2. I couldn’t see a way to mark positions without the collet removed from the spindle. Then only by marking the collet and the nut in places that can’t be seen from outside. Then I found that the collet would change position relative to the nut as it was tightened. Since the collet can’t be reliably adjusted to try and get an imperfection in the collet to compensate for the condition of the bore the I can’t think of any way to “address” my OF 2200 except with expletives.
1. You're correct, the dimensional accuracy of the collet bore along with its concentricity (to the router shaft) and perpendicularity (yaw) of it all determine router bit positional accuracy.
The dimensional accuracy is probably the least to worry about because it's a ground feature and the likely hood that it is egg-shaped is probably quite minimal. It could be a little too large or a little too small but the taper of the collet would compensate if those are minor variations.
The concentricity is an issue but it never changes, it's always the same so you can compensate for it by rotating the collet or just accept it as is and working with the offset in the finished product.
The perpendicularity issue (yaw) is my largest concern because it's not consistent. It's always producing different dimensional sizes depending upon how far the router bit protrudes from the collet nut.
2. You're correct again... [smile] Actually, the collet isn't changing position relative to the nut but rather, the nut changes position relative to the collet. So once the collet is inserted in the bore, it no longer moves, it's the nut that moves...that's a good thing because it becomes a repeatable datum.

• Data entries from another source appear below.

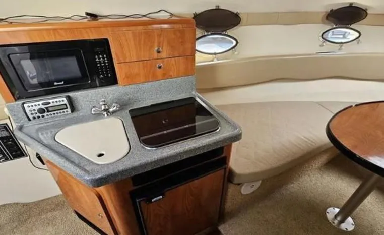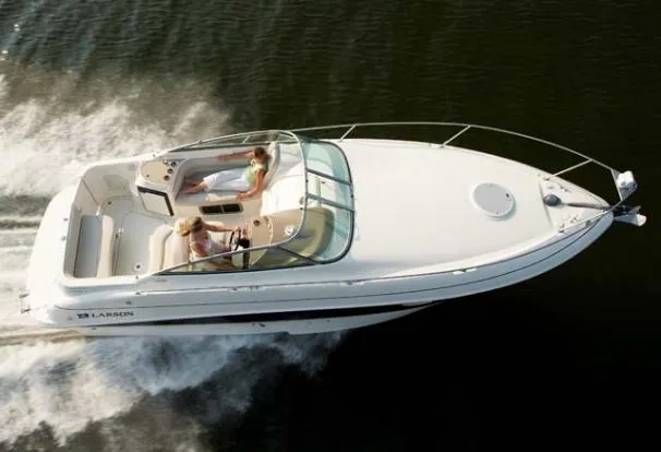 Larson is definitely moving boating forward with the Cabrio 274 and this innovative deck design. It molds the boarding platform with the hull and deck for a sleeker design that also expands the cockpit. Add that to the state-of-the-art patented Duo-Delta Conic notched hull and watch it soar, enthusiastically. The cabin offers 6 feet 2 inches of generous headroom, and a large round hatch over the dinette offers an abundant amount of light. The galley makes you feel at home with a Granulon counter and sink, full capacity cabinets trimmed in rich cherry laminate, a single-burner stove and refrigerator.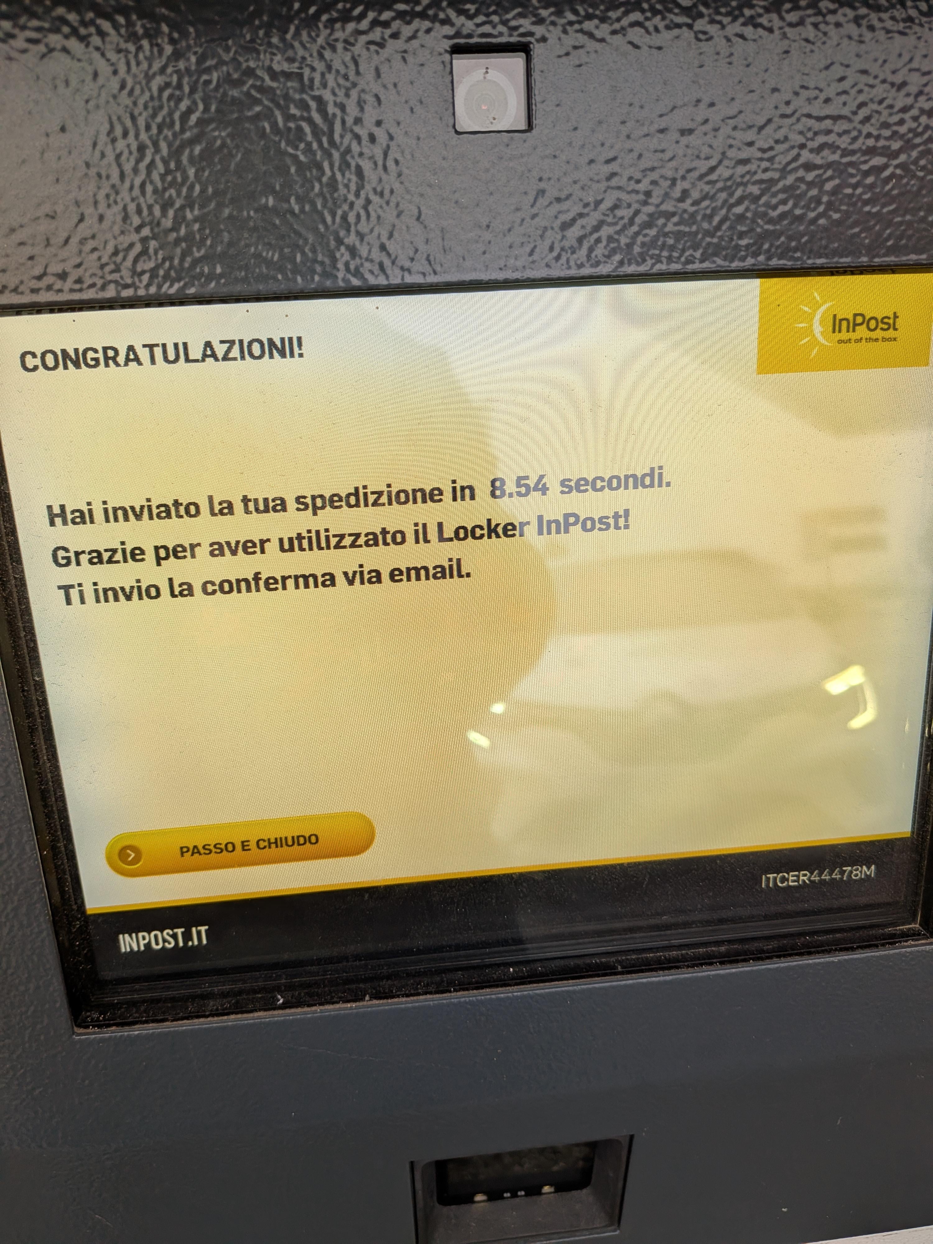 E con queste nuove abitudini, abbiamo imparato a riutilizzare pacchi, imballare, scotchare, etichettare. Tra le varie opzioni che i nostri compratori utilizzato per comprare il nostro usato c’è InPost i cui armadietti avrete sicuramente visto in giro anche ancora fate parte di coloro che la roba la va a buttare in discarica. Gli armadietti InPost (sembra un’adv, ma non lo è), permettono una procedura completamente automatica: scannerizzi il QR code dell’etichetta, selezioni il cassetto, inserisci il pacco e chiudi tutto. Alla fine, puoi scoprire quanti secondi ci hai messo.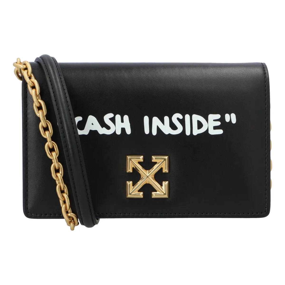 Jitney 0.5 schoudertas van OFF-WHITE met zwart/wit, kalfsleer, kenmerkend Arrows-motief, kenmerkend citatenmotief, vouwbare bovenkant met magnetische sluiting, verdeeld vak, interne ritsvak, insteekvak aan de achterkant en leren en kettinglink schouderriem. DIEPTE: 4,0 centimeter HOOGTE: 11,0 centimeter RIEM: 45,0 centimeter BREDTE: 19,0 centimeter Afmetingen: breedte: 40 mm lengte: 190 mm hoogte: 110 mm riemlengte: 450 mm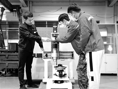 學校立足數控多軸加工設備在生產和實踐教學方面的需求,在全國青年崗位能手魏艷東的帶領下,由機制、數控、電氣、軟件等專業師生組成團隊,自主研制成功小型多軸數控機床。該機床不僅能夠滿足生產實際與實踐教學需求,還能高度再現生產一線中機床檢修、整機聯調和精度檢測等復雜技術場景,帶動開發了機械傳動裝調、主軸裝配調試、機床電氣連接、系統參數設置等多門模塊化課程。學生依托具體工作項目,不僅能夠熟練掌握復雜部件多軸聯動加工工藝設計、計算機輔助設計與制造、機床電氣結構與控制、機床機械結構與裝配、機床故障與診斷等相關理論知識,同時實現了機械設計、機械裝調、數控編程、機床操作等崗位核心技能的融會貫通,分析復雜技術問題和制定優化方案的能力均得到大幅度提升。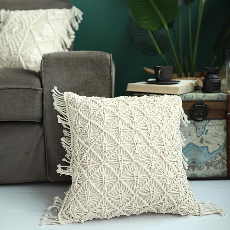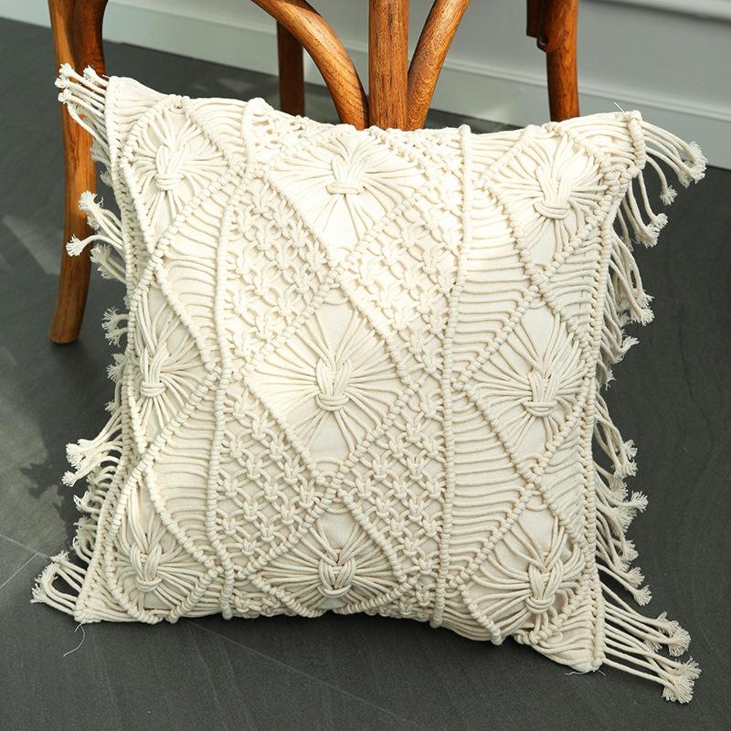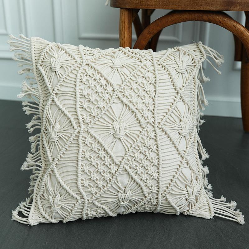 Funda de almohada trenzada de cuerda de algodón-A 45x45 de aproximadamente 372g/pieza, cantidad de embalaje: 60 piezas/caja, tamaño de la caja: 50x50x40cm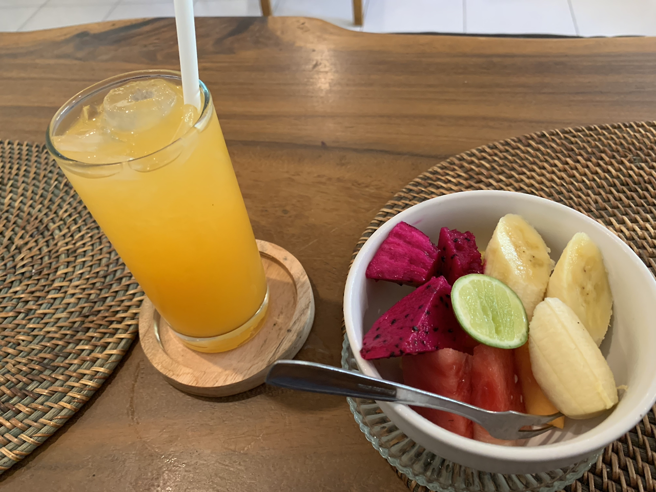 새벽에 도착해서 씻지도 못하고 바로 잠들었다. 깨자마자 샤워하고 나와서 먹은 조식. 바나나 팬케이크인데 따뜻한 바나나가 영 적응 안 되는 맛.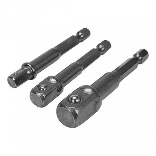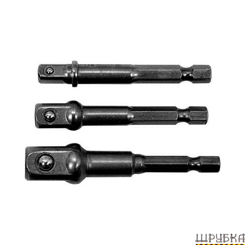 Набір містить три адаптери з квадратними посадочними місцями: 1/4" (6,3 мм) — для невеликих головок та роботи з кріпленнями малої і середньої потужності.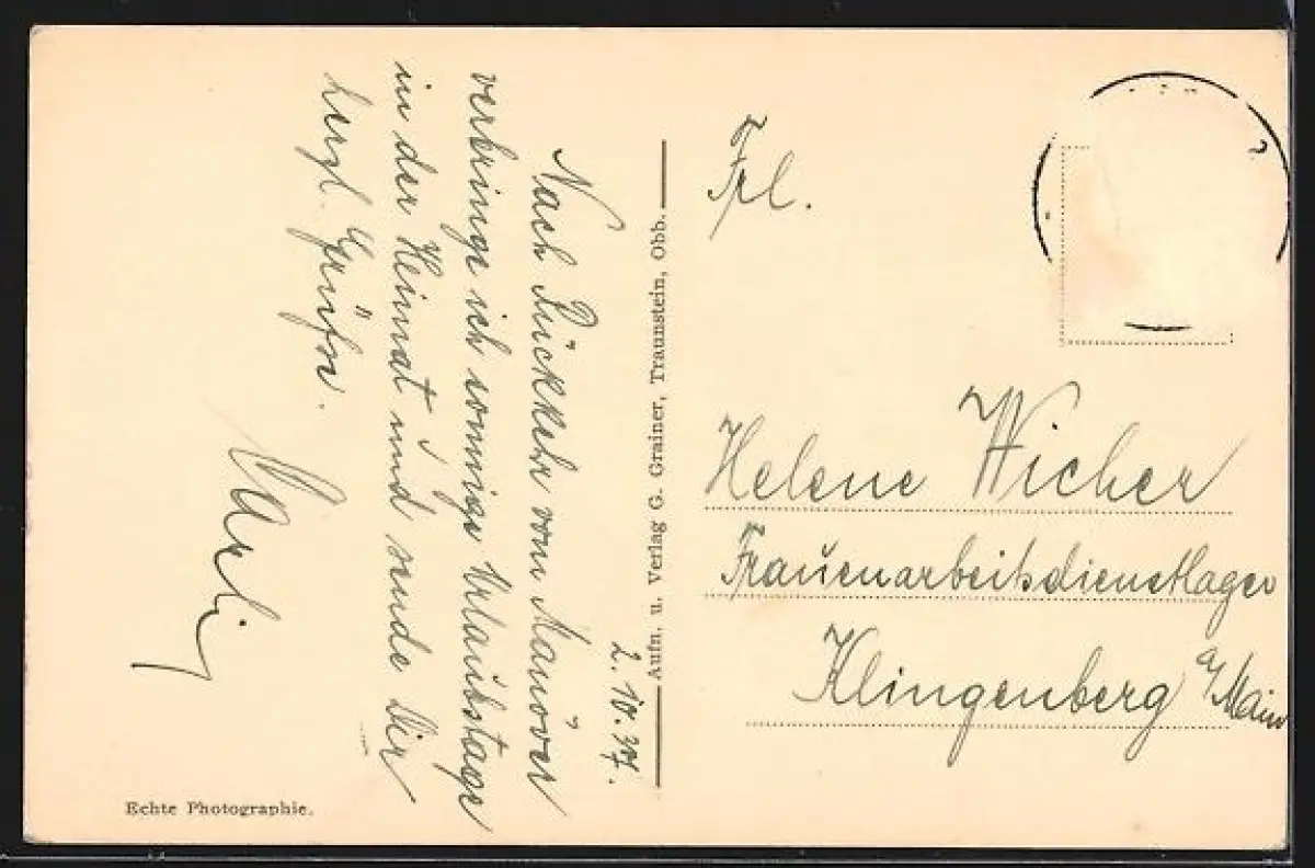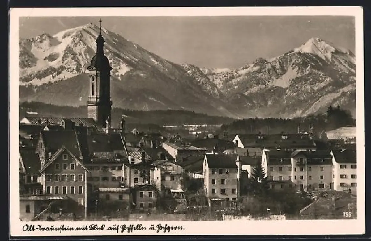 AK Traunstein, Ortsansicht mit Bergpanorama

This is how I'm going to go about it profiling the TIR for different combinations. I'll mark the router shaft in 4 positions with 4 different colored dots. Here's the first dot in red.
[attachimg=1]
I've already marked the 4 sections of the collet body 1-4.
[attachimg=2]
[attachimg=3]
I've already marked the dowel pin with a single alignment dot.
[attachimg=4]
What I controlled yesterday was the dot on the dowel pin relative to each collet body segment but I never controlled that combination to the collet bore in the router shaft. [doh]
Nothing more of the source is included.